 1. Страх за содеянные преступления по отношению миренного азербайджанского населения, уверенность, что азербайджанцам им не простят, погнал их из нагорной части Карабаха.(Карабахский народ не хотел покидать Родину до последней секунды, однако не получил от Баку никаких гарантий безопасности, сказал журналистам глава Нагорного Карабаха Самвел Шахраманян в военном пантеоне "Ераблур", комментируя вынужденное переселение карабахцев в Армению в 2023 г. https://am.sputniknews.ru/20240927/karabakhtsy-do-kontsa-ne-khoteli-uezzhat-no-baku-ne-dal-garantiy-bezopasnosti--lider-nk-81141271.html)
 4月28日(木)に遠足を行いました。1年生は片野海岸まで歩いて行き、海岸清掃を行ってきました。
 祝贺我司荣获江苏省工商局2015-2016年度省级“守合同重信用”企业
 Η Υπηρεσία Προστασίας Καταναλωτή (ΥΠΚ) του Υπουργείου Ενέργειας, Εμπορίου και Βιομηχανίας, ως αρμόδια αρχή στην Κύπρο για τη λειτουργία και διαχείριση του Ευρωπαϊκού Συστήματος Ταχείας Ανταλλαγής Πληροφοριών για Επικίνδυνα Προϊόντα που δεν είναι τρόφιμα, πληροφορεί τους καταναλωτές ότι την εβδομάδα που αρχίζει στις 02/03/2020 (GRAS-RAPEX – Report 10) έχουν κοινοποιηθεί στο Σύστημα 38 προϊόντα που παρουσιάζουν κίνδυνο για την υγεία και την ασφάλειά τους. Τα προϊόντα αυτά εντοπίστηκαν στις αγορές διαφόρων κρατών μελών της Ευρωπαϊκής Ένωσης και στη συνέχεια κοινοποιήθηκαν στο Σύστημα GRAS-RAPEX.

* * * * * * * * *

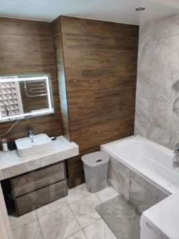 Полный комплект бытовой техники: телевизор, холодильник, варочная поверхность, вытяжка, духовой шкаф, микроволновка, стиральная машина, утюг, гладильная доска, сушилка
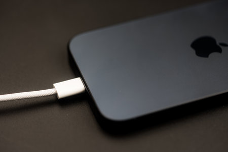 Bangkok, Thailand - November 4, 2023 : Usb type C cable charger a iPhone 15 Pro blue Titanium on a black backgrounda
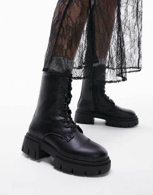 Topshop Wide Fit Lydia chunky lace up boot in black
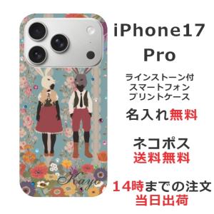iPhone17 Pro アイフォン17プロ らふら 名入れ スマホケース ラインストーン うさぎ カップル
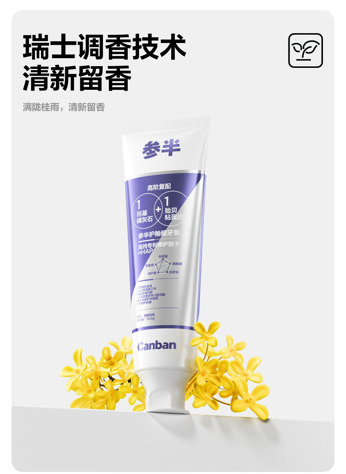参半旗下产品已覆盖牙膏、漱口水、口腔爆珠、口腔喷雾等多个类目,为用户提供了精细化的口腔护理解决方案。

* * * * * * * * *

**TASK TO COMPLETE**
Taking the material above, give again exactly the lines from the one holding "Topshop Wide Fit" through the one holding "参半旗下产品已覆盖牙膏、漱口", with both ends and without pictures.

**ANSWER TO THE PROBLEM**
 Topshop Wide Fit Lydia chunky lace up boot in black
iPhone17 Pro アイフォン17プロ らふら 名入れ スマホケース ラインストーン うさぎ カップル
参半旗下产品已覆盖牙膏、漱口水、口腔爆珠、口腔喷雾等多个类目,为用户提供了精细化的口腔护理解决方案。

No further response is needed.